■ EXERCISE
Nothing but the lines from the first line of the material below through the line that holds "本网讯 毕业就等于失业吗?大" should be set down, exactly and with pictures left out.

■ DATASET CONTENT
********************
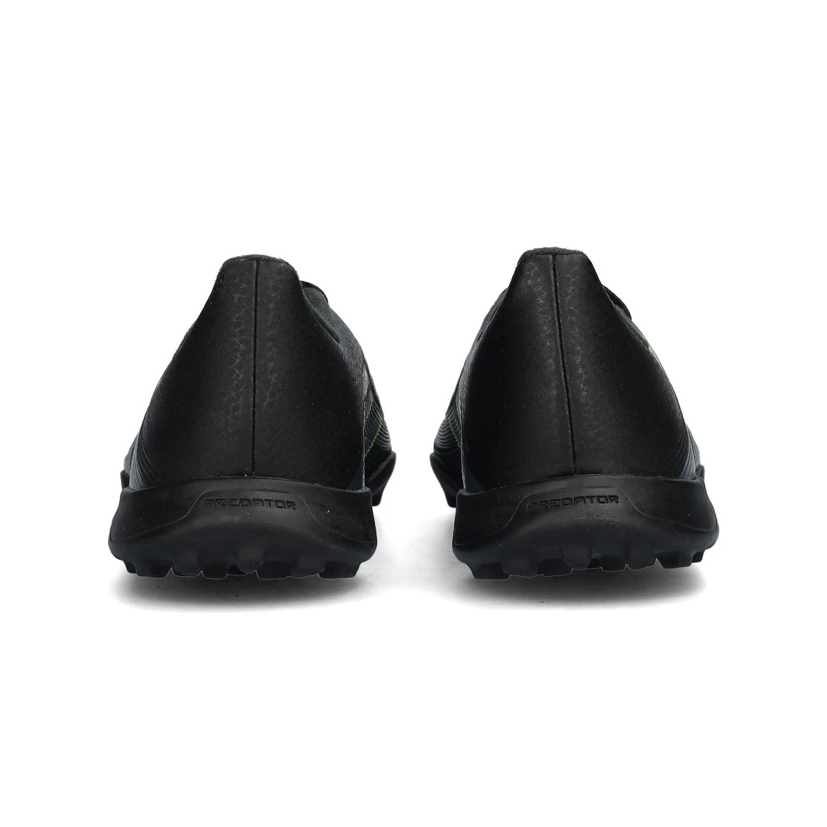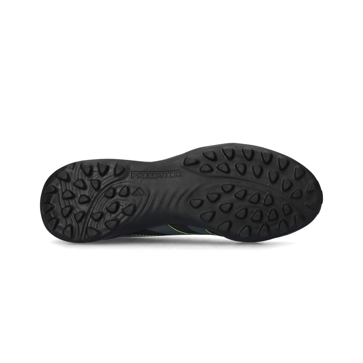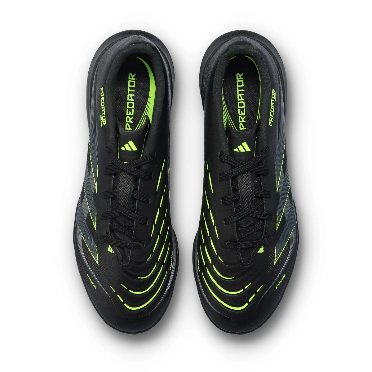 Chaussures synthétiques à lacets, conçues pour une utilisation sur gazon artificiel ou moquette. Modèle haut de gamme dans le coloris Core Black-Carbon-Lucid Lemon.
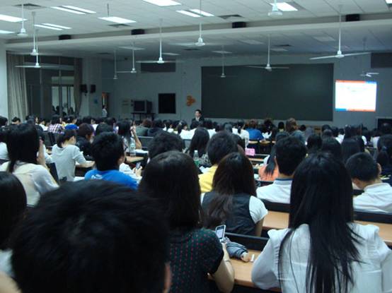 本网讯 毕业就等于失业吗?大学生应如何尽早做好自己的职业规划?2010年4月20日晚上,广州海创教育信息咨询有限公司副总经理、首席讲师郭丹锐为广外法学院学子一一拨开迷雾。
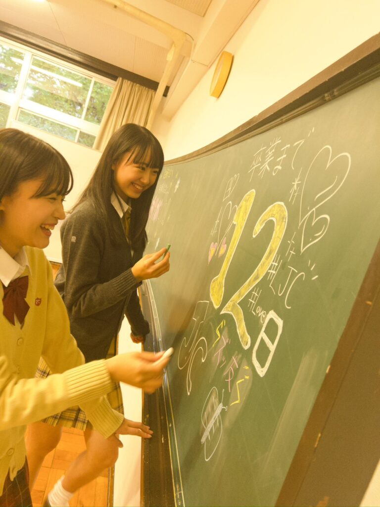 「ユアのデジカメで撮ってもらった写真!笑いながら黒板に絵を描いてるのがエモくて大好き!青春感じる♡♡
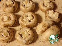 Начинить грибы сырной начинкой и сколоть зубочистками по две шляпки, как показано на фото. |
********************
■ ANSWER TO THIS TASK
 Chaussures synthétiques à lacets, conçues pour une utilisation sur gazon artificiel ou moquette. Modèle haut de gamme dans le coloris Core Black-Carbon-Lucid Lemon.
 本网讯 毕业就等于失业吗?大学生应如何尽早做好自己的职业规划?2010年4月20日晚上,广州海创教育信息咨询有限公司副总经理、首席讲师郭丹锐为广外法学院学子一一拨开迷雾。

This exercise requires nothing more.